I rebooted the node, also I checked the installed kernel versions and I am using the latest version among those installed

bryopsida commented 9 months ago

My suspicion is the image being used for the kubernetes nodes may not have the wireguard module loaded/available and that's why the wg0 interface isn't being created.

I do not have access to a oracle kubernetes environment but I did spin up a standard headless server aarch64 oracle 8.8 VM and loaded k3s 1.28 onto that and was able to successfully deploy and get a healthy pod.

FWIW some version/details of that.

$ uname -a
Linux localhost.localdomain 5.15.0-101.103.2.1.el8uek.aarch64 #2 SMP Mon May 1 19:47:28 PDT 2023 aarch64 aarch64 aarch64 GNU/Linux

$ cat /etc/os-release
NAME="Oracle Linux Server"
VERSION="8.8"
ID="ol"
ID_LIKE="fedora"
VARIANT="Server"
VARIANT_ID="server"
VERSION_ID="8.8"
PLATFORM_ID="platform:el8"
PRETTY_NAME="Oracle Linux Server 8.8"
ANSI_COLOR="0;31"
CPE_NAME="cpe:/o:oracle:linux:8:8:server"
HOME_URL="https://linux.oracle.com/"
BUG_REPORT_URL="https://bugzilla.oracle.com/"
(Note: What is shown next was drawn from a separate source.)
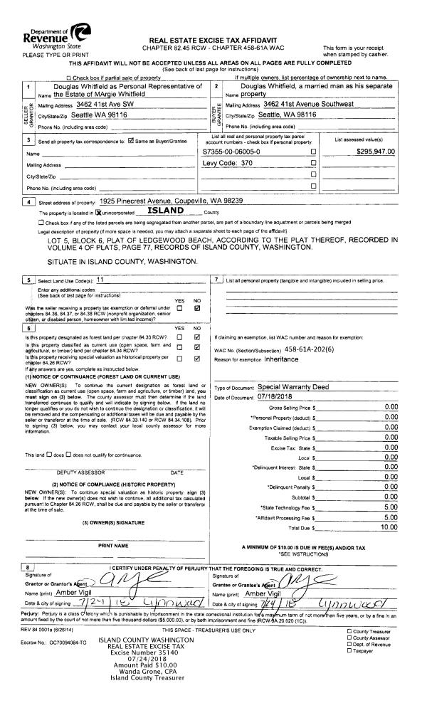 | Mailing Address: | KATHLEEN MAUREEN SMITH 193 VISTA DEL MAR ST CAMANO ISLAND, WA 98282 | % Ownership: | 100.0000000000% |

ORACLE_BUGZILLA_PRODUCT="Oracle Linux 8"
ORACLE_BUGZILLA_PRODUCT_VERSION=8.8
ORACLE_SUPPORT_PRODUCT="Oracle Linux"
ORACLE_SUPPORT_PRODUCT_VERSION=8.8

$ sestatus
SELinux status:                 enabled
SELinuxfs mount:                /sys/fs/selinux
SELinux root directory:         /etc/selinux
Loaded policy name:             targeted
Current mode:                   enforcing
Mode from config file:          enforcing
Policy MLS status:              enabled
Policy deny_unknown status:     allowed
Memory protection checking:     actual (secure)
Max kernel policy version:      33

Image info from running pod:

---
    image: ghcr.io/bryopsida/wireguard:main
    imagePullPolicy: Always
---
  containerStatuses:
  - containerID: containerd://d1647d3b59f41ccacd41c417d6c01f7750db7a5027f9fda31db7ff1d5d6dadc5
    image: ghcr.io/bryopsida/wireguard:main
    imageID: ghcr.io/bryopsida/wireguard@sha256:07e00d0cad1a6b32cd4aa49f023a60922ae138af873b40b4af3d8b7f0c81766d
    lastState:
      terminated:
        containerID: containerd://5a2ceb57f30f7c803cdba3b7af225af5d83a6bc2d52864de421d9a01ae8bfd47
        exitCode: 255
        finishedAt: "2024-01-28T16:40:33Z"
        reason: Unknown
        startedAt: "2024-01-28T15:47:52Z"
    name: wireguard
    ready: true
    restartCount: 1
    started: true
    state:
      running:
        startedAt: "2024-01-28T16:40:41Z"
  hostIP: 10.211.55.9
  initContainerStatuses:
  - containerID: containerd://c9b7a3cfe8c791efec38691ab4184bf141f96f6d3807f1c95f76e9ff4a6b9000
    image: docker.io/library/busybox:stable
    imageID: docker.io/library/busybox@sha256:6d9ac9237a84afe1516540f40a0fafdc86859b2141954b4d643af7066d598b74
    lastState: {}
    name: sysctls
    ready: true
    restartCount: 1
    started: false
    state:
      terminated:
        containerID: containerd://c9b7a3cfe8c791efec38691ab4184bf141f96f6d3807f1c95f76e9ff4a6b9000
        exitCode: 0
        finishedAt: "2024-01-28T16:40:37Z"
        reason: Completed
        startedAt: "2024-01-28T16:40:37Z"

node info

$ kubectl get node localhost.localdomain -o yaml
...
  nodeInfo:
    architecture: arm64
    bootID: 65bbc199-8ef8-4222-a91e-82148d283057
    containerRuntimeVersion: containerd://1.7.11-k3s2
    kernelVersion: 5.15.0-101.103.2.1.el8uek.aarch64
    kubeProxyVersion: v1.28.5+k3s1
    kubeletVersion: v1.28.5+k3s1
    machineID: 27e1a42afb8a40dd963beba83ed2ab40
    operatingSystem: linux
    osImage: Oracle Linux Server 8.8
    systemUUID: db7c154b-40bb-4bc8-a786-aeb275ad15e7

proc module from container

$ cat /proc/modules | grep wireguard
wireguard 118784 0 - Live 0x0000000000000000
...

proc module from node

$ cat /proc/modules | grep wireguard
wireguard 118784 0 - Live 0x0000000000000000
...

Can you confirm the wireguard kernel module is available on your nodes?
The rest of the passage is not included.